I didn't realize there was that distinction; I thought GPU's were just optimized for vector arithmetic across the board. What is the difference between general purpose GPU hardware and tensor cores? What does general purpose GPU hardware do that tensor cores do not?

A GPU's compute core, to my limited understanding, is sort of like a CPU with a lot of threads that execute the same instruction at the same time (aka SIMT). It has a decode frontend, local memory cache, addressing, registers, and a lot of instructions available to dispatch - each cycle can do something wildly different from the previous cycle. Each distinct instruction requires some dedicated hardware.

To my knowledge, "tensor cores" and neural accelerators are modeled on something like a coprocessor with a very fast memory bus, and a bajillion of the same small execution unit that can do a single operation in parallel (like a 3x3 matrix multiply) on behalf of the main processor. Like if AVX512 was actually AVX 1,000,000 and only had one instruction, and that instruction did some kind of 3x3 matrix math.

Imagine if you had a very large specialized house made entirely of kitchens (instead of bedrooms, bathrooms, etc), and your roommates were all cooks, you could cook significantly more food at once than in the typical one kitchen small household. You also save power per meal cooked because all of the lights and electricity go to kitchens instead of other rooms.

So on a pipelined CPU, the processor has different pipeline stages that execute in order. An instruction may for example move from fetch, to decode, to load, to execute, to store. The execute step may be executed on a different part of the CPU depending on what kind of instruction it is. Basic arithmetic, floating point, and vector math (such as AVX) can be dispatched through different execution ports and run on different parts of the processor. So a processor may (per core) have a pipeline, an integer math unit, a floating point math unit, and two vector units. Operations running on the execution unit also take some variable amount of time to complete. Having ports to two execution units of the same type available makes it so the processor pipeline can dispatch a second long instruction of the same type before stalling.

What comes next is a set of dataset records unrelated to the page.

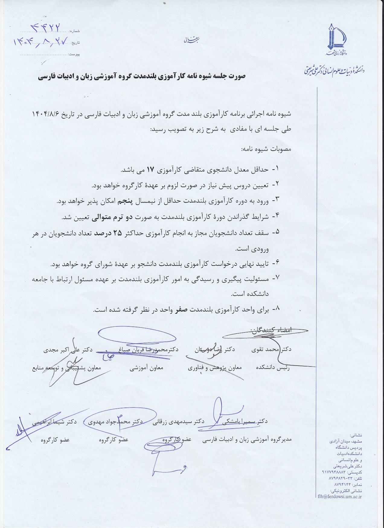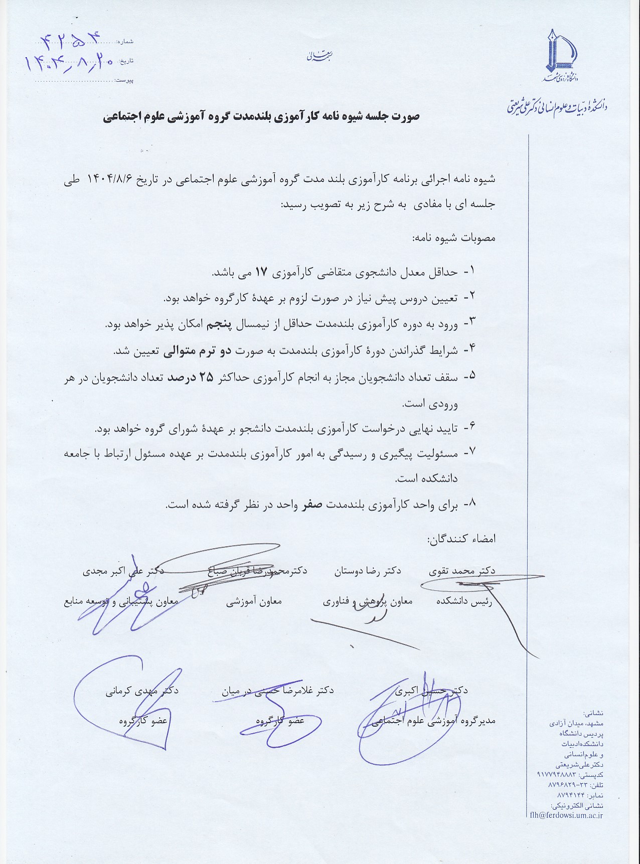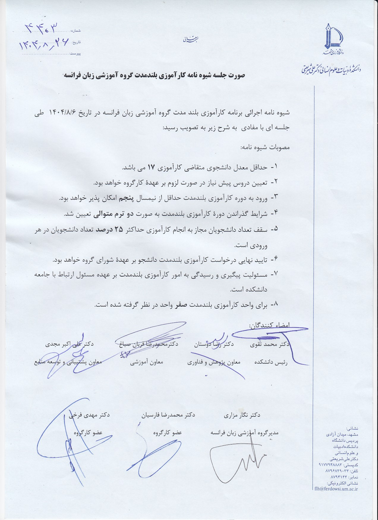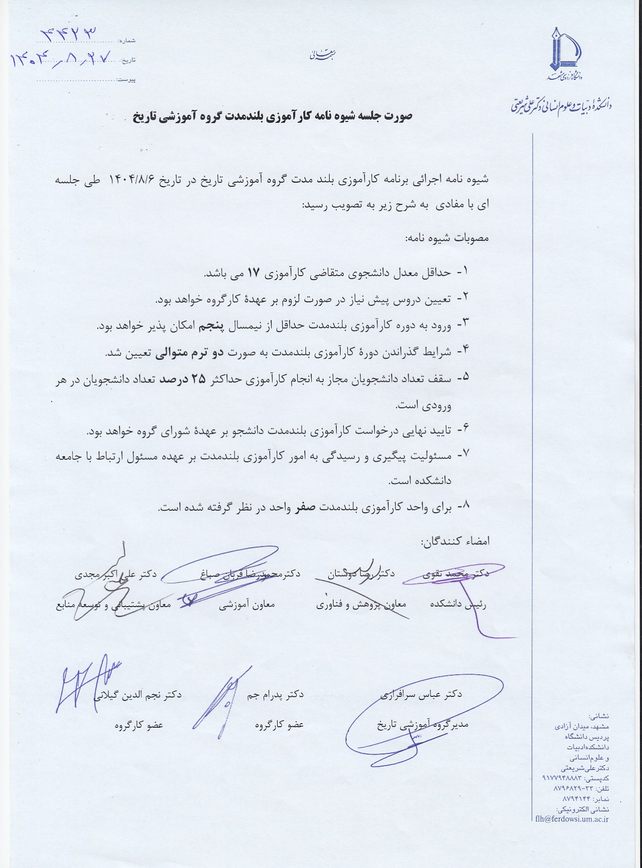 برای کسب اطلاعات بیشتر و آشنایی با جزئیات شیوهنامه اجرایی و مقررات این دوره، لطفاً به شیوهنامه جامع دانشگاه و شیوهنامه اجرایی گروههای مربوطه مراجعه فرمایید.
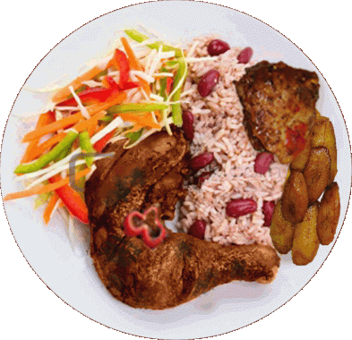 Jamaican Jerk Chicken Previous Next Published June 23, 2012 at 987 × 954 in Jamaican Food / Cuisine: Lick yuh lips and ten finga dem Jamaican Jerk Chicken, with vegetables, rice and peas, and plantains Jamaican Jerk Chicken, with vegetables, rice and peas, and plantains
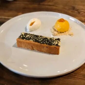 黑芝麻芝士蛋糕,搭配百香果冰激凌。黑芝麻与芝士的香甜与百香果的酸爽碰撞,是奇妙的味蕾体验
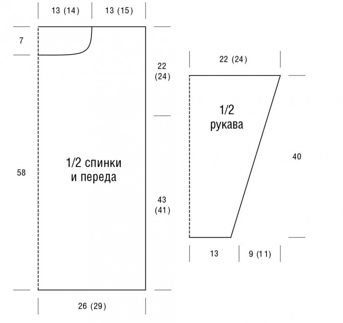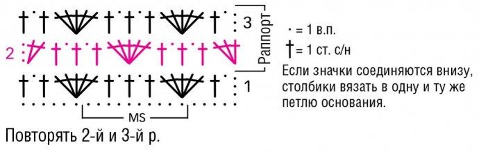 Плотность вязания: 15,5 п. х 6 р. = 10 x 10 cм, связано основным узором крючком №5.
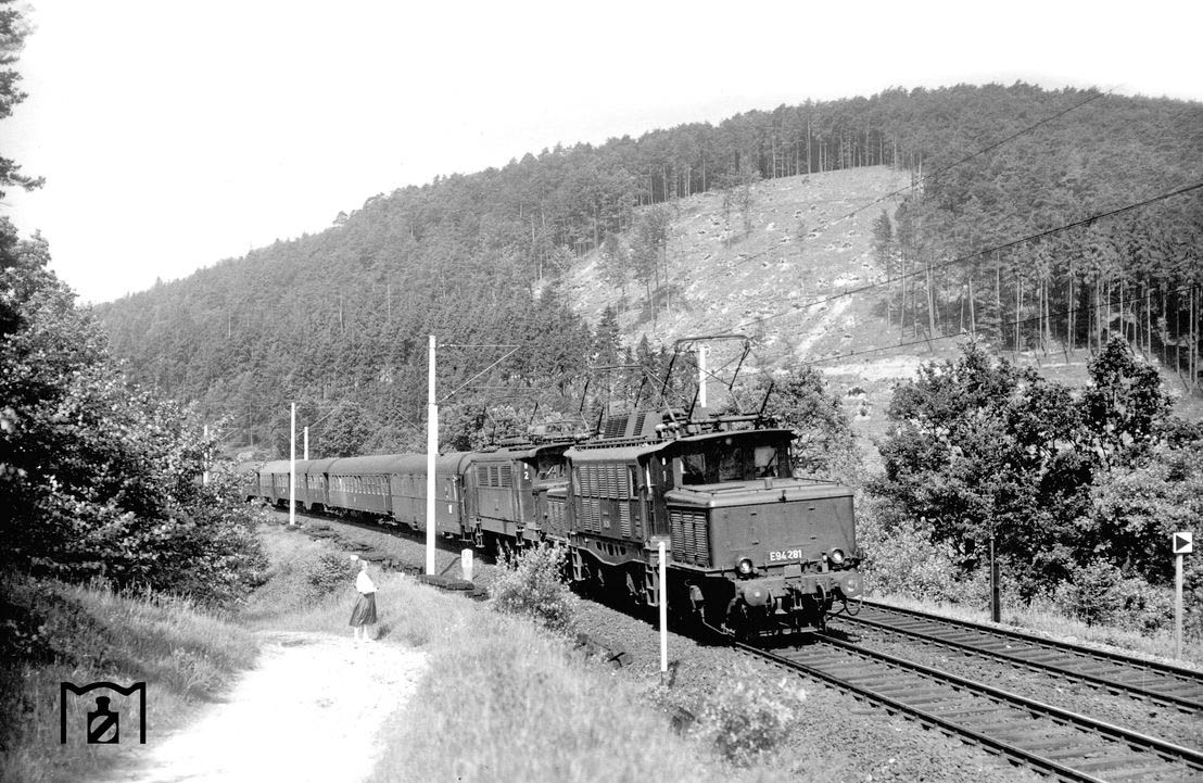 Можу припустити, що це все ж таки межзонний (Interzonenzug) пасажирський потяг, бо в составі проглядаються вагони типу BD4yg або щось подібне, котрі також використовували у Interzonenzug. На "важкому" профелі колії дуже часто чіпляли допоміжну тягу для здолання, наприклад, підйому в горах. Таким чином можемо припустити що Е44 068 приписки DR, що базувався у Лейпцизі, тягнув межзонний потяг і на окремій ділянці на території ФРН для проходження гір йому прийшов на допомогу Е94 281 приписки DB.
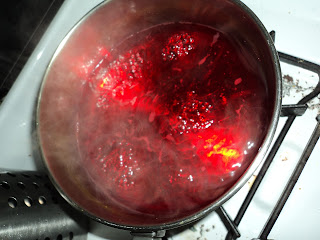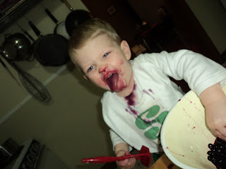 I had “L” help me smash up the Blueberries before we boiled them, it wasn’t necessary, but I knew he would love doing it, and I knew I could get some super cute pics of him for his scrap book!
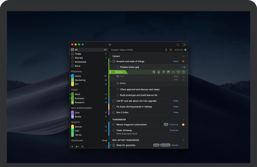 2Do for Mac 是一个简单的Mac任务管理器,可以帮助您采用完全不同的方法来管理您的日常琐事和工作。2Do具有友好的用户界面,再加上一系列功能,使您能够专注于生活中重要的事情。
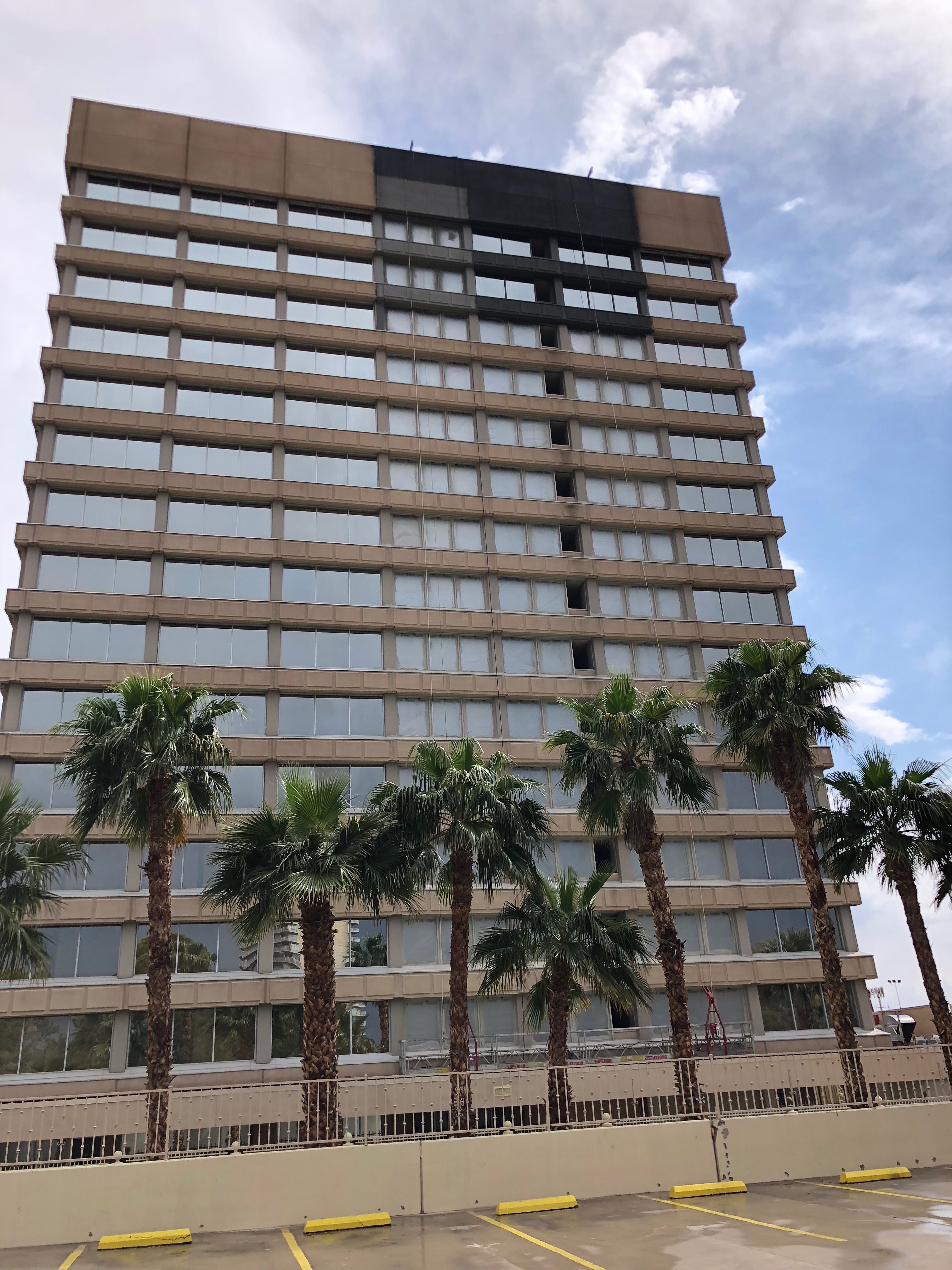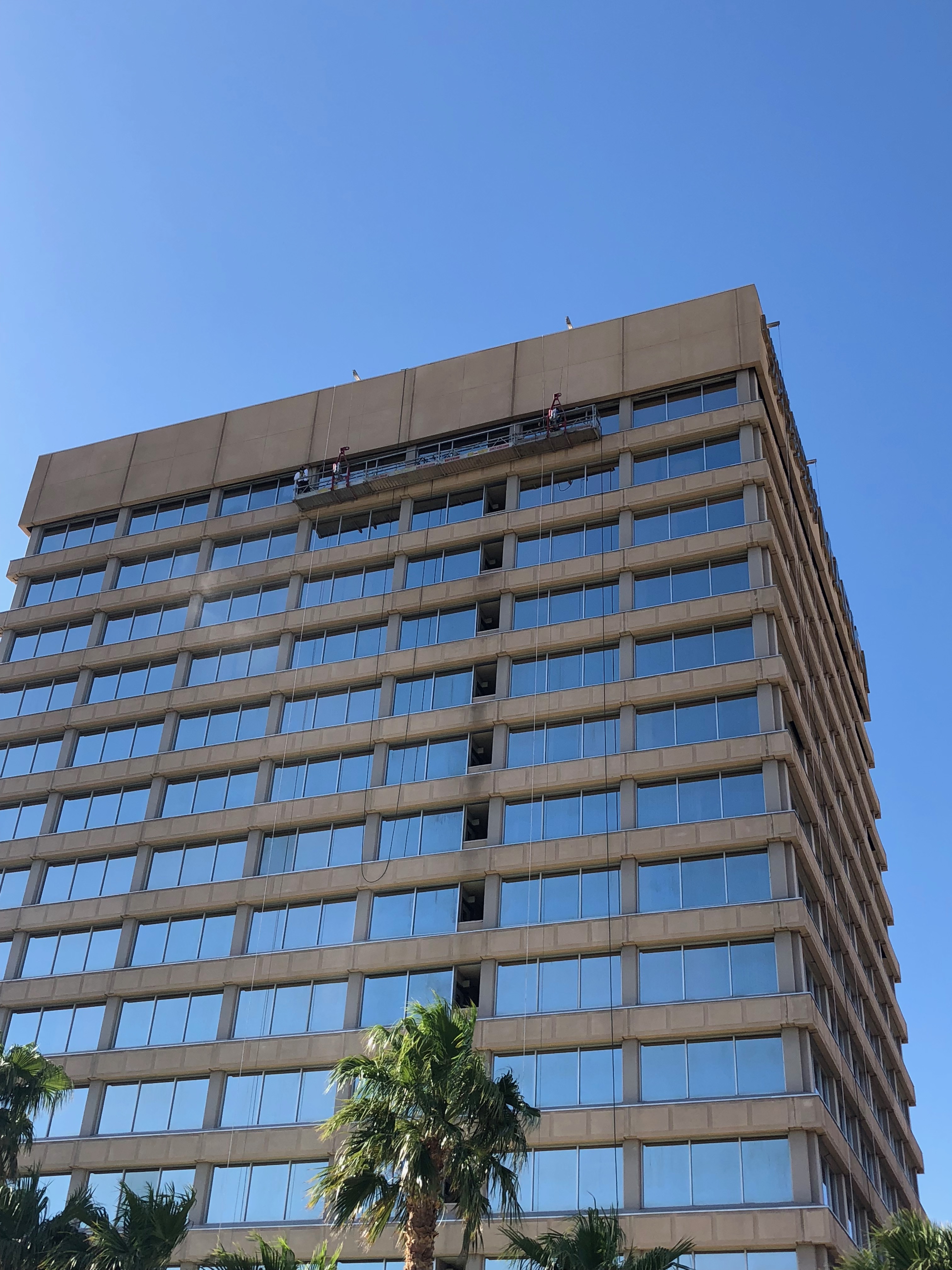 High Rise Painting – RSP completed this high rise painting project in Las Vegas NV. We pressure washed the entire building, did masonry repairs, vinyl repairs, and metal repairs. All windows were masked off to protect from paint overspray. We then Applied one coat of DTM bonding primer to all window frames, one coat of DTM to all window frames, and two coats of Loxon XP to all masonry surfaces. We also painted entire pool area columns, fencing, and misc. areas of parking garage. This project was done in two months time from start to finish. RSP specializes in high rise building painting across the entire country. We use all in house properly trained and certified employees, and we own all of our own swing stage and specialty equipment.
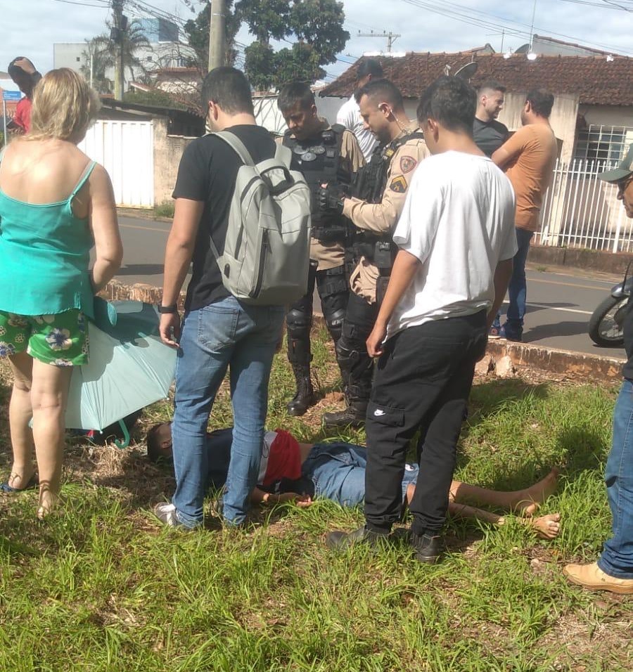 No local, os policiais encontraram os dois jovens caídos ao solo, em um terreno próximo à praça Zequito Rocha. A motocicleta estava caída com a placa levantada. Um caminhão também estava envolvido na batida.

I don't actually know how the hardware of a tensor accelerator works, but what I would imagine a "tensor core" to be, is thousands of identical execution units that can only do basic matrix math, and a basic pipeline that is much simpler than a typical CPU.

CPUs and GPUs have highly variable workloads and need a lot of specialized hardware on chip that may not always be in use. This wastes power and means you can't have any one task as densely or efficiently as a dedicated chip. If you're designing a dedicated chip, which has direct access to the main cpu memory (as the apple neural engine has), you can design the chip to directly (streaming) read a large matrix from memory, perform an operation on it, and store the result back into memory.

Normal CPUs and GPUs don't have this capability. They approximate matrix math with lots of individual instructions that just go through a pipeline, stall, cache miss, etc just to do a lot of floating point vector math and store the result back to memory. A dedicated chip can skip all the overhead and just tile efficient matrix math in thousands of execution units. That's why an NVIDIA A100 is 19 teraflops when doing normal floating point vector math, and 150 teraflops when doing fp16 matrix math. It has a section of chip dedicated to efficiently doing the required floating point operations en masse without overhead or extra cycles and cache for fetching instructions.